Alternatives to autonomously replicating plasmid vectors are broad-host-range single-copy chromosomal integration systems such as those typified by Tn5-based vectors (random integration) (41,42) and Tn7-based vectors (site-specific integration) (43,44). In contrast to random insertion in the chromosome, which has the propensity to result in undesired mutants, the latter has the obvious advantage that integration occurs with high frequency at a neutral, naturally evolved site (attTn7) found downstream of the essential glmS gene in many bacteria (45). Insertion site specificity is not provided by attTn7, but by sequences located within the essential glmS gene and the TnsD protein of the Tn7 transposase complex. Insertion at sites other than those situated downstream of glmS is rare and has only been observed in Proteus mirabilis where, besides a glmS-linked site, a secondary attTn7 site has been identified within the carAB operon (46). It can be assumed that chromosomes with glmS probably possess at least one attTn7 site. In fact, it has been shown that some bacteria possess multiple glmS genes and thus multiple attTn7 sites (44,47,48). Owing to minimal system requirements—left (Tn7L) and right (Tn7R) Tn7 transposon ends and the site-specific transposase complex in trans (e.g., TnsABCD)—mini-Tn7 elements have been engineered that incorporate all features traditionally found in plasmids, for example, antibiotic selection markers and regulatable promoters. These elements are applicable in a wide range of bacteria. In contrast to most plasmid vectors that necessitate continuous selection, Tn7-based vectors replicate stably along with the chromosome and thus are suitable for use in environments where antibiotic selection is not feasible, such as animal and plant models, biofilms, and bacteria destined for environmental release. Despite their widespread utility in Gram-negative bacteria, Tn7-derived vectors have not yet been successfully applied in Grampositive bacteria.

Selection Markers

Once established in the respective host(s), many plasmids are stably maintained. However, selection markers are required for selection of plasmid-containing colonies after transformation or conjugation experiments and to ensure that each cell in a bacterial population contains a plasmid. Useful selection markers include, in order of decreasing importance, those conferring resistance to antibiotics, other antimicrobials, heavy metals, and metabolic markers.Numerous plasmids have been developed that serve as sources for various antibiotic resistance cassettes (49–54). The choice of antibiotic selection marker(s) depends largely on the susceptibility of the host, and intrinsic resistance to many antibiotics quite often hampers use of plasmids in bacteria. Intrinsic resistance or regulatory restrictions (e.g., those encountered with Select Agent bacteria in the United States) quite often leave only a few useful and approved antibiotic selection markers. In these instances, one can consider implementation of broad-host-range site-specific recombinase systems that allow recycling of the precious few markers remaining for some bacteria. Removal of antibiotic resistance markers is often also required during construction of genetically modified organisms in the food industry. The two most commonly used systems are the Flp/FRT system from Saccharomyces cerevisiae (55,56) and the Cre/loxP system from bacteriophage P1 (57–59), for which broad-host-range versions have been engineered (60–62).

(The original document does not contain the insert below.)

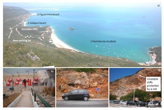 West of Setubal, the stretch of beaches is famous for its beauty and natural landscape because it is located within the Arrabida Natural Park, which is classified as a Protected Natural Area [2]. For these reasons, the beaches are popular among residents and tourists, especially during summer. Also, in the same area, there are unstable cliffs [3,4,5]. Thus, in order to provide some protection to beach users, the cliffs have undergone significant intervention. Nevertheless, evacuating crowded beaches in an emergency situation is difficult, especially if there are narrow beach access points with many stairs.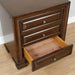 Brandt Brown Cherry Night Stand, 26"W X 17"D X 28"H, 57.2lbs. This nightstand offers two solutions at once. It is visually stunning, and has unrivaled storage space to keep your fabulous new room clutter free. With three deep drawers, this nightstand can hold clothes, jewelry, and anything else necessary. The d eep chestnut finish and antique hardware of this piece gives it a subtle elegance. An underlight nightlight gives you enough light to see without waking anyone up. Features: Transitional Brown Cherry Wood, Wood Veneers, Others Storage Bed Wood Inlay Design Felt-lined Top Drawers English Dovetail Drawer Construction Internal USB/Power Outlet Nightlight under Nightstand Insect Deterring Cedar Drawer

Nonantibiotic resistance markers (e.g., triclosan (63) or heavy metals such as tellurite (64)) are attractive for bacteria in situations when the use of antibiotic resistance markers is restricted (e.g., Select Agent bacteria in the United States) or in bacteria destined for environmental release. As with antibiotics, marker choice depends on susceptibility of the bacterial host. In contrast to the many antibiotic resistance markers available, only a few nonantibiotic resistance marker-encoding gene cassettes have been described. This, however, may change in light of recently implemented National Institutes of Health (NIH) funding initiatives aimed at developing nonantibiotic markers to facilitate research with Select Agent bacteria in the United States.

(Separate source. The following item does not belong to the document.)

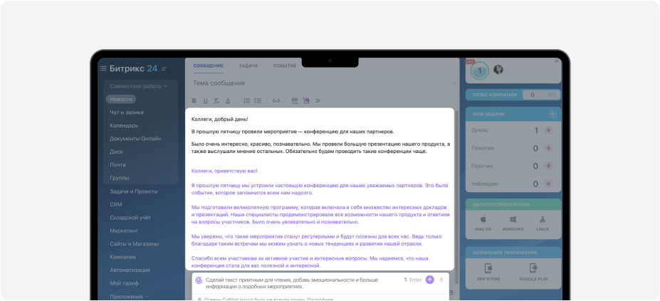 Рассмотрим, как использовать CoPilot с различными модулями «Битрикс24» и его помощь в повседневных задачах.

Metabolic markers are most useful in environments where selection with antimicrobials is less feasible, for instance, in bacteria destined for environmental release. Because many bacteria lack the required genes to metabolize lactose, the E. coli lactose operon can be used as a selectable marker in these bacteria (65). The use of other metabolic markers is usually not feasible in wild-type bacteria because they require host mutations that allow for selection of the plasmid-encoded markers.

Counter-selection Markers

In contrast to selection markers, counter-selection markers serve to eliminate unwanted elements. These elements can be helper strains used during conjugation experiments or DNA segments introduced during genetic manipulation experiments, for example, as with transposon delivery.

Counter-selection against bacteria can be achieved by exploiting intrinsic properties present in one bacterium but not another. These include intrinsic resistance to antimicrobials or unique metabolic properties. For example, in contrast to E. coli, Pseudomonas aeruginosa is resistant to triclosan (also known as irgasan) and can use citrate as a sole carbon and energy source. Consequently, both triclosan-containing agar (e.g., Pseudomonas isolation agar from Difco, Detroit, MI, USA) as well as citrate minimal media (e.g., Vogel-Bonner minimal medium (66)) can be used to counter-select against E. coli in conjugation experiments. Similarly, Burkholderia spp. are intrinsically resistant to cationic peptides, which allows the use of agar containing polymyxin B to counter-select against E. coli (47).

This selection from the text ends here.